Monty let out a growl. “I thought you were against it.”

I looked up to talk to him but the oozing dark creature was not my demon.

It took three tries and three different figures to finally find him.

If they ever doubted I was crazy, this might have convinced them I was.

My brain was still off-line, and I couldn’t figure out what the hell he was talking about. This was too much for this early.

“Against what?” I asked.

“Alcohol,” he deadpanned. “Or did you forget your entire past?”

“Forgetting was exactly my intention, last night,” I shot back. “However, it had nothing to do with my past.”

“What is that supposed to mean?” Hiro asked. Leave it to him to read between the lines. My head lolled to the side, and the moment I saw his concerned face, I knew I had to give him something.

It just might not be the truth.

“I’m just so overwhelmed,” I said. “There’s a lot going on.”

It was honestly the best I could give him right now without breaking down. Plus, what else was I going to say, that Hel would sacrifice me to the fucking portal?

Before we could say anything further a red-headed god was standing in the center of us.

“I have need of the humans,” he said imperiously, reaching out and placing a hand on both Hiro and me before we could object.

His plan was apparently to snag us before Monty, Kol, and Drake could freak out. Nice try. I knew damn well that they’d both be panicking until we returned.

We dropped in the middle of a library of sorts.

My jaw hit the floor as I took in the expansive room. It expanded in both directions but I couldn't see the end or the ceiling as the bookshelves towered above us as far as the eye could see.

Rows of shelves were lined with more books than should be possible. The leather and worn spines stood out against the bright white walls and stone interior.

The entire library was filled with the scent of old books, leather, and coffee.

I didn’t know what heaven smelled like until this exact moment.

“Holy shit,” Hiro breathed out as he clutched my hand. “This is amazing.”

“Welcome to the library of the gods,” Loki said, waving his hands like he was showing us something he’d created himself. “Or the Eternal Library if you prefer.”

“Why are we here?” I questioned.

My headache was gone and my mind felt more clear than ever before. It was like he’d cured my hangover.

I could use a god like him in my life more often if that was the case. Maybe I’d have a drink more often.

Hel knows I’ve fucking earned it.

“Let’s just say that I don’t trust my daughter to give you all the details. She loves her games, doesn’t she? Something she gets from her father,” he said with pride as he wiped at a fake tear. “Anyway. You have two hours to enjoy the library. Don’t waste it.”

He put two fingers to his mouth and let out a sharp whistle. A moment later, a small creature was rushing forward, nearly tripping over himself to reach the god.
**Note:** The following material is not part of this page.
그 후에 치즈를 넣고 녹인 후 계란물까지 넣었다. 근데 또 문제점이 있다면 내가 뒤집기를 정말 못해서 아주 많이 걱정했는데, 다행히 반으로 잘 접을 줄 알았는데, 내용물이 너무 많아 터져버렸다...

He was half my size, and that was saying something since I wasn’t very tall, average at best. The tiny man had long white hair that was braided down his back and he was wearing small golden robes.

His face was gaunt, the skin a strange shade of blue. I caught myself staring and had to force my eyes to shift back to Loki.
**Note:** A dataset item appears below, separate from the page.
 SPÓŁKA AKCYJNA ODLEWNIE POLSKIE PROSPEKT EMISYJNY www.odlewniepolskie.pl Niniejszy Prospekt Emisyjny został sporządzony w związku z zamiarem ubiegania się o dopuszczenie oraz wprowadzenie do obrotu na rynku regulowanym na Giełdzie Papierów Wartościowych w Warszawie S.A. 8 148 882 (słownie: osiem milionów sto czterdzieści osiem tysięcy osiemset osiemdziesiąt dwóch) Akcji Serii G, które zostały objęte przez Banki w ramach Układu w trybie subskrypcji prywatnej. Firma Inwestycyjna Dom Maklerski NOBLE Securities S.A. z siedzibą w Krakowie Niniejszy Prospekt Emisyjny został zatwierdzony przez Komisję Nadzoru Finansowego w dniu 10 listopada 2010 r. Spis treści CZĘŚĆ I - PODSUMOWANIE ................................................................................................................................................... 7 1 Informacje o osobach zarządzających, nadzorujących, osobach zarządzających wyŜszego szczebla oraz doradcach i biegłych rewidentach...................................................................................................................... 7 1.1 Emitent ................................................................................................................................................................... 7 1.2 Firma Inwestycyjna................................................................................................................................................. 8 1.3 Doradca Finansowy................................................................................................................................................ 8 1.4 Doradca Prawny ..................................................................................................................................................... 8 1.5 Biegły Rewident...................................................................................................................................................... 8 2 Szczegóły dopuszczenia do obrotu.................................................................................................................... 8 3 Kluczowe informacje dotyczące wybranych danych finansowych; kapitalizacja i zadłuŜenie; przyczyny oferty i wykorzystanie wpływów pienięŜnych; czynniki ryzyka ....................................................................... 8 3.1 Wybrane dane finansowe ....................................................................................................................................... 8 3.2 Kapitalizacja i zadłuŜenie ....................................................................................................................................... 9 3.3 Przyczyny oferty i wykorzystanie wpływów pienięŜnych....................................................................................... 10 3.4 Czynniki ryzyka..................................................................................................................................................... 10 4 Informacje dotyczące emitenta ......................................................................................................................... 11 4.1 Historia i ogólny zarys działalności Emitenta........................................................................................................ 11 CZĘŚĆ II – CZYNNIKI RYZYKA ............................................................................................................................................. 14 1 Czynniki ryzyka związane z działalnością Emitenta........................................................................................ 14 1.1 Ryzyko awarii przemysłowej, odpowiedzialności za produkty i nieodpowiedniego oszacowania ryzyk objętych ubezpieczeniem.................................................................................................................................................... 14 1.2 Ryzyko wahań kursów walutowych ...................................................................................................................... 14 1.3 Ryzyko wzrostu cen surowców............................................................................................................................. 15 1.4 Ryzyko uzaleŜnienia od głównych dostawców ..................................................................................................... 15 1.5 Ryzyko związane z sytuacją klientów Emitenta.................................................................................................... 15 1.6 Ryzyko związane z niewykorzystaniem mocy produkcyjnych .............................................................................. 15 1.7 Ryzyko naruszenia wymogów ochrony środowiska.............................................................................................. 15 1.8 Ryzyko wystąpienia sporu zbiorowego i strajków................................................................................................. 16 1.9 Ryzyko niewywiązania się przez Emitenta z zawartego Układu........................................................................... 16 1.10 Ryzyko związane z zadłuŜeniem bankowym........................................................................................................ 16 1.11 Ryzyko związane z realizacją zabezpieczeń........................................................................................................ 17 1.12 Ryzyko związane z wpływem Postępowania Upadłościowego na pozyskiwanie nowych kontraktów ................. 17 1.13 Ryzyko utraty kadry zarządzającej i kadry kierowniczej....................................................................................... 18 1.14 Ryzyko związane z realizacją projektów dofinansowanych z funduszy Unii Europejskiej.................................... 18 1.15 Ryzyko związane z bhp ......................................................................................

“This is one of our librarians. A keeper of the tomes, if you will. He can help you find what you need and bring you the books because you guys won’t be able to reach the top of the shelves.”

“And he will?” I questioned, looking down at the small man and then back up at the large shelves.
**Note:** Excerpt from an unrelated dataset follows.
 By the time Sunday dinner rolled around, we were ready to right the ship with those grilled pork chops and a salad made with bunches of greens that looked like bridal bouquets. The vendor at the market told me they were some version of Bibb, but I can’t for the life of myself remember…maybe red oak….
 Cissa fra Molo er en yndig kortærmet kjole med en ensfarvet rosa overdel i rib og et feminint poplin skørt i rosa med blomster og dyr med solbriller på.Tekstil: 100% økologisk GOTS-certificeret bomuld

Loki let out a jovial laugh that was contagious.

“Never underestimate a librarian.” He smirked. “Again. You have two hours, that’s all I can hold them off for. Whatever you hear outside of that door, do not open them. Do you understand?”

He was so serious now that I swallowed hard and nodded, not willing to argue with him.

Not that I had any reason to. He was giving us the opportunity of a fucking lifetime.

“What are you looking for?” the tiny man asked. He regarded us with cloudy green eyes and a mask of indifference. Something about this man was off, unsettling, and I didn’t want to linger next to him for long.

“What do we call you?” Hiro asked.

The man turned to face Hiro, face never shifting. “I’m a librarian,” he said simply as if that answered the question.

“Okay, librarian,” I said with a sigh. “I need anything you have on closing a portal to Helheim. Specifically from Earth to Helheim.”

“Portal to Helheim based on Earth?” he clarified.

I nodded once and he turned. He made it a few steps away before he walked into the air as if he were on an invisible staircase. His feet continued to rise and fall as if he were simply walking forward, unbothered as he glided between the shelves.

Every time he’d lift a book off of the shelf he’d toss it behind him, the books stacking and floating obediently in his wake.

“This is the strangest moment I’ve experienced yet,” Hiro whispered. “What is he?”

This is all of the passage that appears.